Segment Start: Extracted data

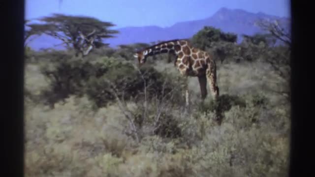 > 1969: a giraffe munches on a bountiful green bush. SUDAN
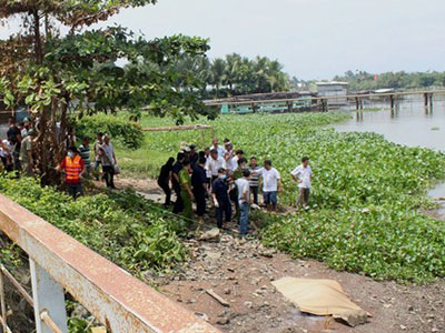 Tại hiện trường, một người đàn ông khoảng 50 tuổi và một bé trai 14 tuổi nằm bất động, chảy nhiều máu do nhảy từ trên cầu Phú Lương xuống đất.
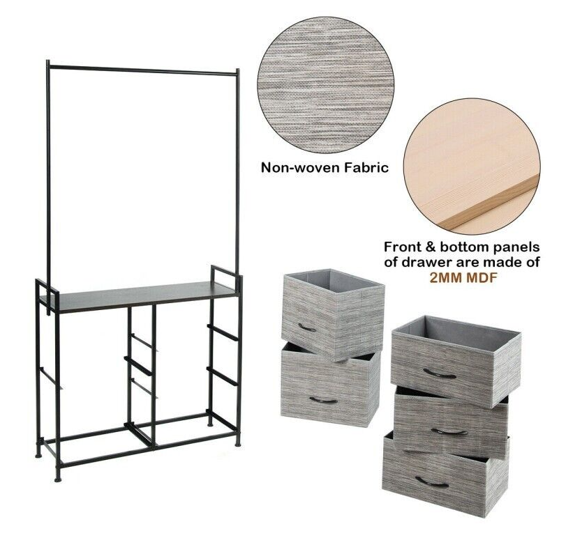This organizer has five drawers of different sizes to help you store clothes, toys, towels, etc. The hanging rod is wide enough to hang clothes and other accessories. Made of a sturdy steel tube and high-density materials, the entire organizer is stable and features a high weight-bearing capacity.
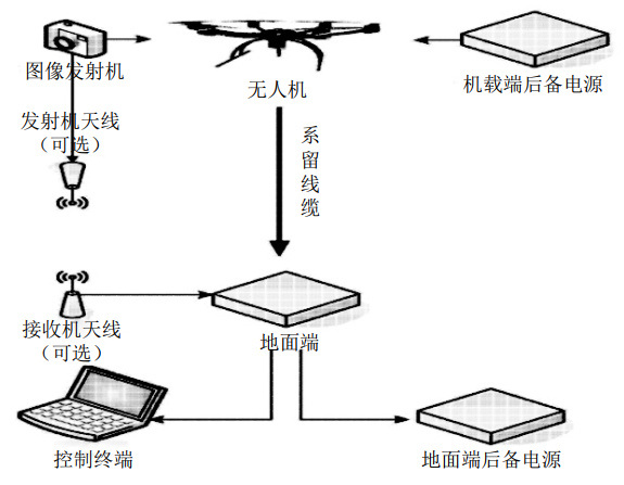 (2)長(zhǎng)時(shí)滯空視頻監(jiān)控。普通旋翼無人機(jī)在空中停留時(shí)間過短,致使連通性、移動(dòng)性和大容量之間相互矛盾,系留多旋翼無人機(jī)小巧輕便,在100 m高度系留懸停時(shí)仍有10 kg以上的載荷搭載能力,并且采用地面電源持續(xù)供電工作,沒有續(xù)航時(shí)間限制,而且開設(shè)迅速、無需空域申請(qǐng)、操作保障簡(jiǎn)單,是一個(gè)非常好的監(jiān)控通訊平臺(tái)。有效地解決搶險(xiǎn)救援中覆蓋、移動(dòng)和大容量之間的矛盾。其結(jié)構(gòu)如圖 2所示。
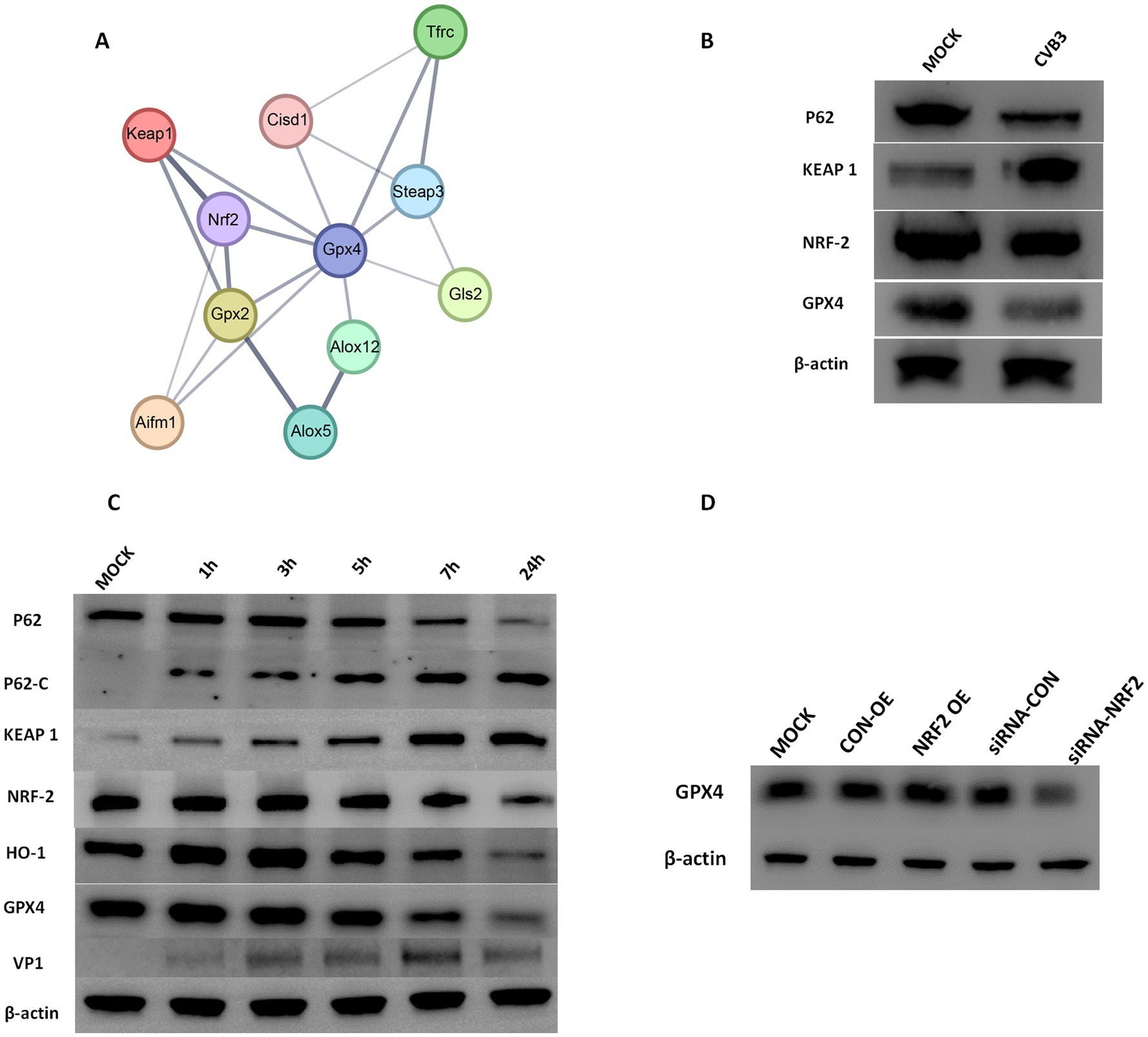 Figure 2. (A) Protein–protein interaction networks of downregulated and differentially expressed genes directly or indirectly related to GPX4. The thickness of the lines represents the credibility of the interaction between proteins (comprehensive score value). (B) CVB3 infection altered the expression of KEAP1, NRF2, and GPX4. AC-16 cells were infected with CVB3 at an MOI of 5, and profiling of total P62, KEAP1, NRF2, and GPX4 proteins was detected. β-actin is shown as a loading control. The results represent three independent tests. (C) CVB3 infection cleaved the P62 protein and altered the expression of KEAP1, NRF2, and GPX4. HeLa cells were infected with CVB3 at an MOI of 10, and the time course of profiling of total P62, cleaved P62, and the expression of KEAP1, NRF2, and GPX4 proteins was detected. β-actin is shown as a loading control. The results represent three independent tests. (D) Detection of GPX4 expression following NRF2 alteration during the CVB3 infection process. NRF2 was exogenously expressed or inhibited, followed by CVB3 infection at an MOI of 10. The expression of GPX4 was detected using western blotting 24 h post-CVB3 infection. OE indicating overexpression, * indicates p < 0.05. A representative result from three independent experiments is shown.
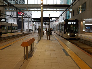 | 広電西広島方面。ホームは4面4線。系統毎に乗場が分かれてわかりやすくなりました。 | 路線始端方面。駅ビル3階の通路からは停留所のを一望することが可能です。 | |
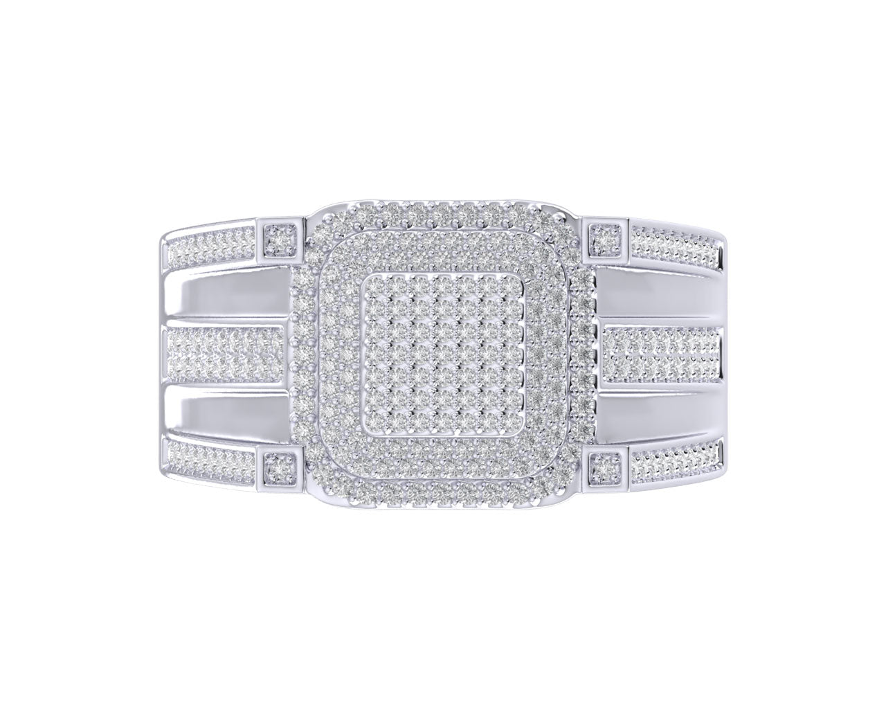 Bold and refined, this open-side prong diamond ring showcases clean lines and sharp details. The elevated square face is fully flooded with prong set diamonds, while four corner prongs each hold a single brilliant accent diamond stones. The open-bar side design adds an architectural twist, giving the ring a unique and modern profile.
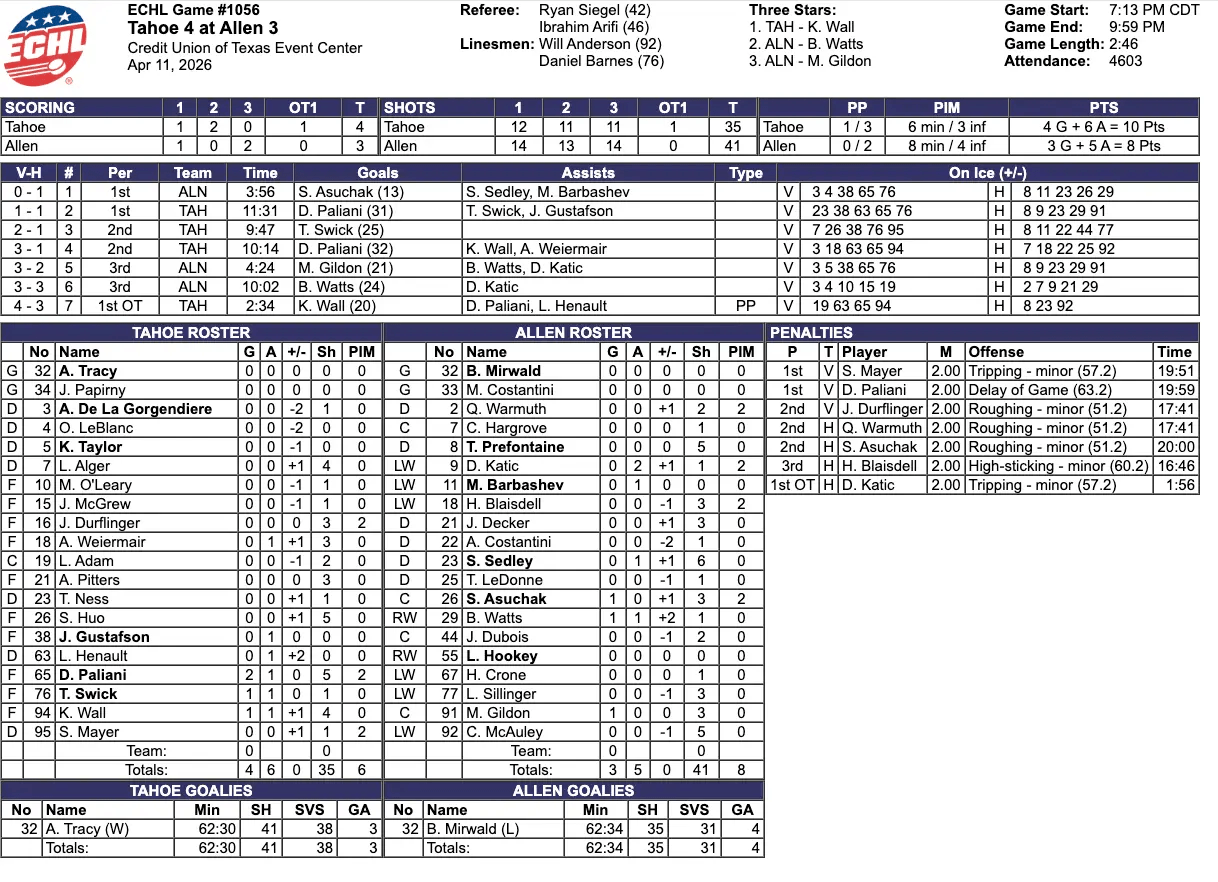 A minute into overtime, the Allen Americans were called for tripping. On the power play, the Tahoe Knight Monsters scored to win the game. The final score was 4-3, Tahoe Knight Monsters in overtime.

Segment End: Extracted data

For your answer, write out the data exactly and drop every picture.

 > 1969: a giraffe munches on a bountiful green bush. SUDAN
 Tại hiện trường, một người đàn ông khoảng 50 tuổi và một bé trai 14 tuổi nằm bất động, chảy nhiều máu do nhảy từ trên cầu Phú Lương xuống đất.
This organizer has five drawers of different sizes to help you store clothes, toys, towels, etc. The hanging rod is wide enough to hang clothes and other accessories. Made of a sturdy steel tube and high-density materials, the entire organizer is stable and features a high weight-bearing capacity.
 (2)長(zhǎng)時(shí)滯空視頻監(jiān)控。普通旋翼無人機(jī)在空中停留時(shí)間過短,致使連通性、移動(dòng)性和大容量之間相互矛盾,系留多旋翼無人機(jī)小巧輕便,在100 m高度系留懸停時(shí)仍有10 kg以上的載荷搭載能力,并且采用地面電源持續(xù)供電工作,沒有續(xù)航時(shí)間限制,而且開設(shè)迅速、無需空域申請(qǐng)、操作保障簡(jiǎn)單,是一個(gè)非常好的監(jiān)控通訊平臺(tái)。有效地解決搶險(xiǎn)救援中覆蓋、移動(dòng)和大容量之間的矛盾。其結(jié)構(gòu)如圖 2所示。
 Figure 2. (A) Protein–protein interaction networks of downregulated and differentially expressed genes directly or indirectly related to GPX4. The thickness of the lines represents the credibility of the interaction between proteins (comprehensive score value). (B) CVB3 infection altered the expression of KEAP1, NRF2, and GPX4. AC-16 cells were infected with CVB3 at an MOI of 5, and profiling of total P62, KEAP1, NRF2, and GPX4 proteins was detected. β-actin is shown as a loading control. The results represent three independent tests. (C) CVB3 infection cleaved the P62 protein and altered the expression of KEAP1, NRF2, and GPX4. HeLa cells were infected with CVB3 at an MOI of 10, and the time course of profiling of total P62, cleaved P62, and the expression of KEAP1, NRF2, and GPX4 proteins was detected. β-actin is shown as a loading control. The results represent three independent tests. (D) Detection of GPX4 expression following NRF2 alteration during the CVB3 infection process. NRF2 was exogenously expressed or inhibited, followed by CVB3 infection at an MOI of 10. The expression of GPX4 was detected using western blotting 24 h post-CVB3 infection. OE indicating overexpression, * indicates p < 0.05. A representative result from three independent experiments is shown.
 | 広電西広島方面。ホームは4面4線。系統毎に乗場が分かれてわかりやすくなりました。 | 路線始端方面。駅ビル3階の通路からは停留所のを一望することが可能です。 | |
 Bold and refined, this open-side prong diamond ring showcases clean lines and sharp details. The elevated square face is fully flooded with prong set diamonds, while four corner prongs each hold a single brilliant accent diamond stones. The open-bar side design adds an architectural twist, giving the ring a unique and modern profile.
 A minute into overtime, the Allen Americans were called for tripping. On the power play, the Tahoe Knight Monsters scored to win the game. The final score was 4-3, Tahoe Knight Monsters in overtime.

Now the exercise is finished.